- EXERCISE: In the material below, find the line containing "Franklin Restoration Bell" and the line containing "Avec ses 3 compartiments, le", then reproduce exactly both of them and every line between, and nothing else.

- SUPPLIED RECORDS:
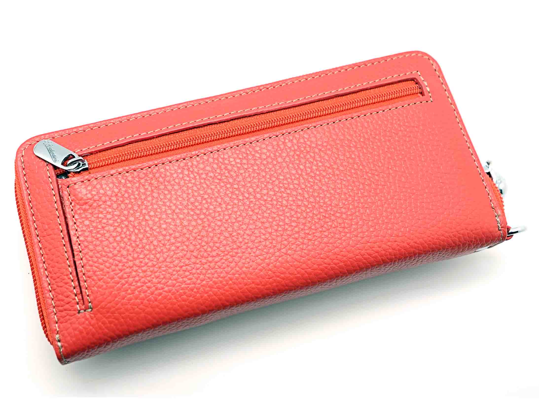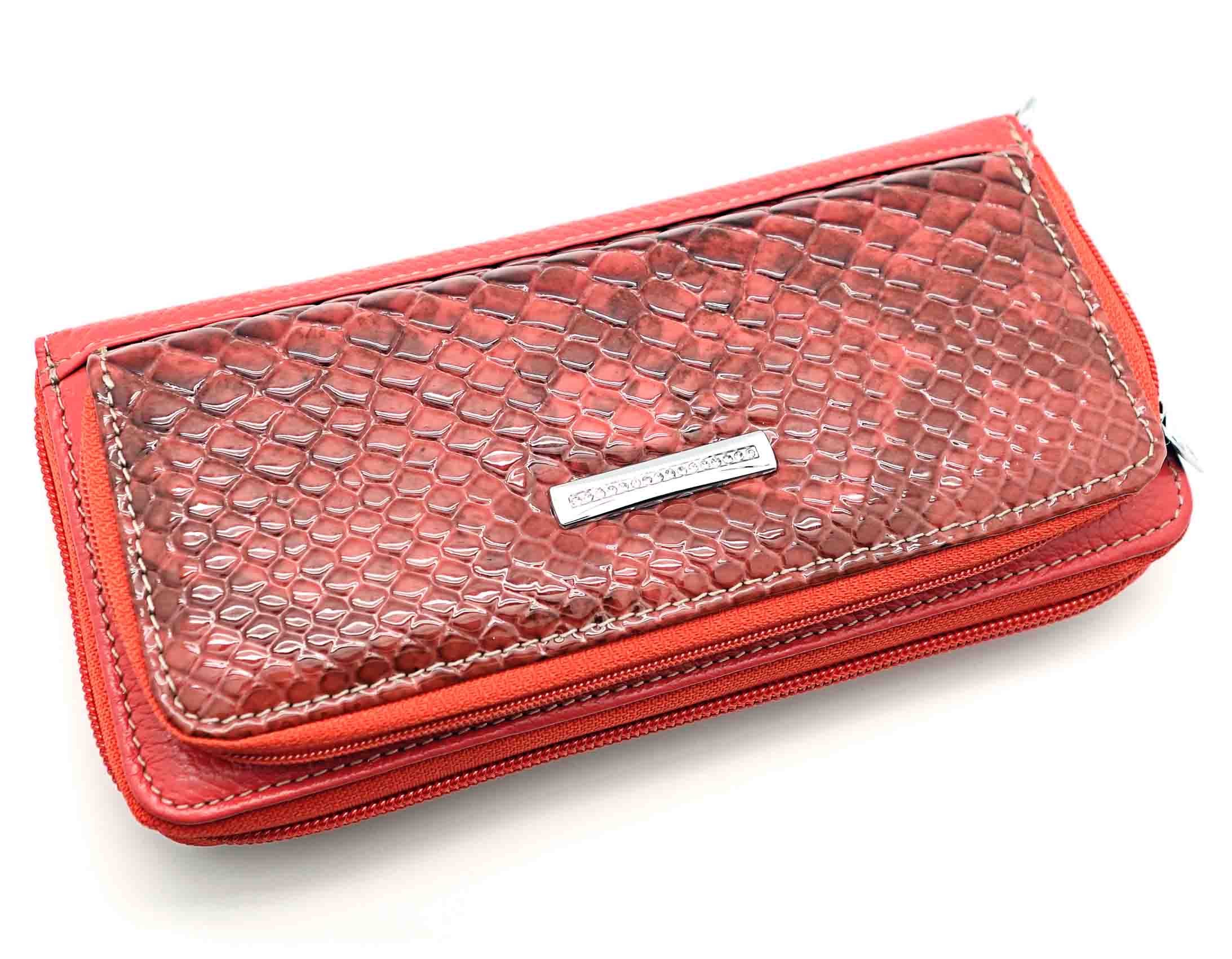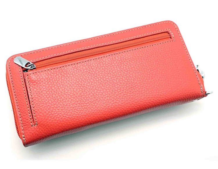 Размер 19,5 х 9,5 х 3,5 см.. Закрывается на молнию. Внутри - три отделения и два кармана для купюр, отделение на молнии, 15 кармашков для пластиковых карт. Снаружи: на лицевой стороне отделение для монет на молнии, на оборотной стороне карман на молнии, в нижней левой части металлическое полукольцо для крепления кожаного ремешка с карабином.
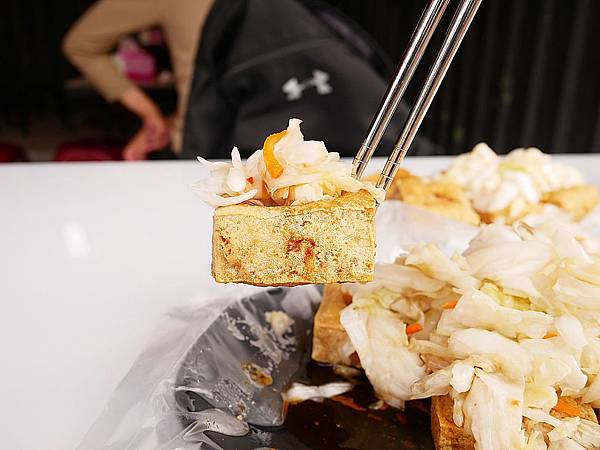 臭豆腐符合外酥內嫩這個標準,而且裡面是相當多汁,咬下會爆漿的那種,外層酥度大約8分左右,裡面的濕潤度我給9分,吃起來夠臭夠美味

---

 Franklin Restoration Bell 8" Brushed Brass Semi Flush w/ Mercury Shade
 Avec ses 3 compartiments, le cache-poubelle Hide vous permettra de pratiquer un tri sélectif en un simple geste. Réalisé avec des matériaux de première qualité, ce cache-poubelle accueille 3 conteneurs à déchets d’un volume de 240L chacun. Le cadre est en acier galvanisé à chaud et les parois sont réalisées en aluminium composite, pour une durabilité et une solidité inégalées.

- RESPONSE TO THIS EXERCISE:
 Franklin Restoration Bell 8" Brushed Brass Semi Flush w/ Mercury Shade
 Avec ses 3 compartiments, le cache-poubelle Hide vous permettra de pratiquer un tri sélectif en un simple geste. Réalisé avec des matériaux de première qualité, ce cache-poubelle accueille 3 conteneurs à déchets d’un volume de 240L chacun. Le cadre est en acier galvanisé à chaud et les parois sont réalisées en aluminium composite, pour une durabilité et une solidité inégalées.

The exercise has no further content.